▶ _Requirement_
Once the line with "チェ·ジェチョン議員室と言論" is found in the entries below, repeat it and each following line exactly, up to and including the line with "Men's Floral 3D". Add no other lines.

▶ _Data for analysis_
-=-=-
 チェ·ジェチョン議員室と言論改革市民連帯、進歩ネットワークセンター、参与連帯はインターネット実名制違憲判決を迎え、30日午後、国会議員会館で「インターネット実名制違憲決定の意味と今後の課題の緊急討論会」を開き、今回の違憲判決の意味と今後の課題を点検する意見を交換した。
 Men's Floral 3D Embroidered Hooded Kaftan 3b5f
-=-=-
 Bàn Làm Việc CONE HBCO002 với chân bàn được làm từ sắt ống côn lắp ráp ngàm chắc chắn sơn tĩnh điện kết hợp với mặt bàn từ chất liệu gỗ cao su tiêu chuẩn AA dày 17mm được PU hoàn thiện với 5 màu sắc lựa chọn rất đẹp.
-=-=-
▶ _Result of this exercise_
 チェ·ジェチョン議員室と言論改革市民連帯、進歩ネットワークセンター、参与連帯はインターネット実名制違憲判決を迎え、30日午後、国会議員会館で「インターネット実名制違憲決定の意味と今後の課題の緊急討論会」を開き、今回の違憲判決の意味と今後の課題を点検する意見を交換した。
 Men's Floral 3D Embroidered Hooded Kaftan 3b5f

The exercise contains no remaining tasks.